By Section 32 of the license law (1261-47, General Code) it is provided: “On the expiration of each of said licenses (all of which shall expire on the fourth Monday in November of each year) the said license shall be renewed upon the application of the license[e], subject to the same conditions, qualifications and limitations applying to a new applicant for license, and upon payment of the registration fee of one hundred dollars as provided for original applicants; and' no applicant for a renewal *377of license shall be refused a license unless the said applicant has not met the qualifications required by law.”

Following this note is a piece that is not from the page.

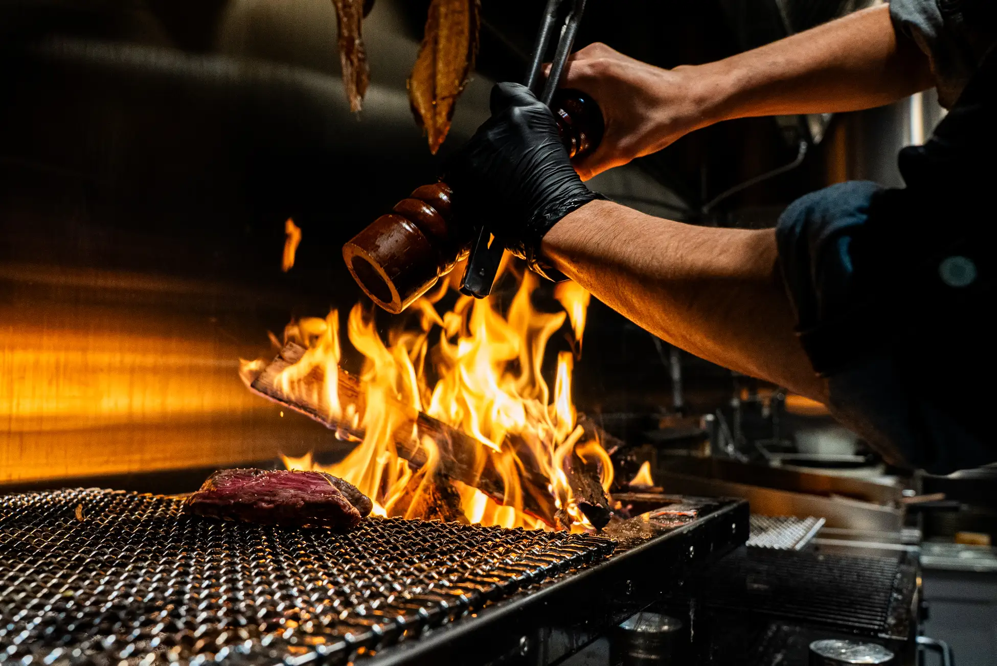 薪火の炎が余分な脂を落とし、シンプルな調理でありながら、ひと口ごとに奥行きのある味わいを生み出します。

It is the contention of the relators that, by the provisions of Section 32 just quoted, an applicant for a renewal has a preference which it is the duty of the board to regard and which, if the board disregards, the court will protect and enforce — that is to say, it is claimed that the language “and no applicant for a renewal of license shall be refused a license unless the said applicant has not met the qualifications required by law,” secures to the applicant for renewal the preference referred to provided he has met the qualifications. This is doubtless true, but how is that matter to be determined? The provisions of Section 32 must be read together and each part given its proper force and effect. The provisions are that on the expiration of the license it shall be renewed “upon the application of the license[e], subject to the same conditions, qualifications and limitations applying to a new applicant for license * * * and no applicant for a renewal of license shall be refused a license unless the said applicant has not met the qualifications required by law.” Taking these provisions together, it seems clear that the applications for renewal stand upon the same basis as original applications in so far as the qualifications themselves are concerned; that is, an application for renewal may be rejected for any reason which would be sufficient for the rejection of an original application, but in the case of an application for renewal, if the board does not find the same reasons for *378rejection which would have caused them to reject an original application, then the applicant is entitled to the preference referred to. Under the provisions of the statute it devolves upon the applicant, upon rejection of his application, to establish to the satisfaction of the board the things required by the statute to be stated in the application, which may be controverted, either by a complainant or by the board, and unless such facts are established by the applicant the rejection becomes final, if the decision is not subsequently recalled by the county board or reversed by the state board.

The petitions in these cases aver that appeals were taken to the state board, which affirmed the actions of the county board. . The only purpose of the appeals — the only object they could have — was to cure any irregularities in the proceedings of the county board and to have the state board make such order in the premises as was proper. In the absence of any showing to the contrary, the proceedings of the state board will be presumed to have been regular. The petitions in these cases do not attack the proceedings of the state board. The relators elected to submit their cases to the state board on appeal and they are bound by its order.

The demurrers will be sustained..

Demurrers sustained.

Nichols, C. J., Johnson, Donahue, Wanamaker, Newman, Jones and Matthias, JJ., concur.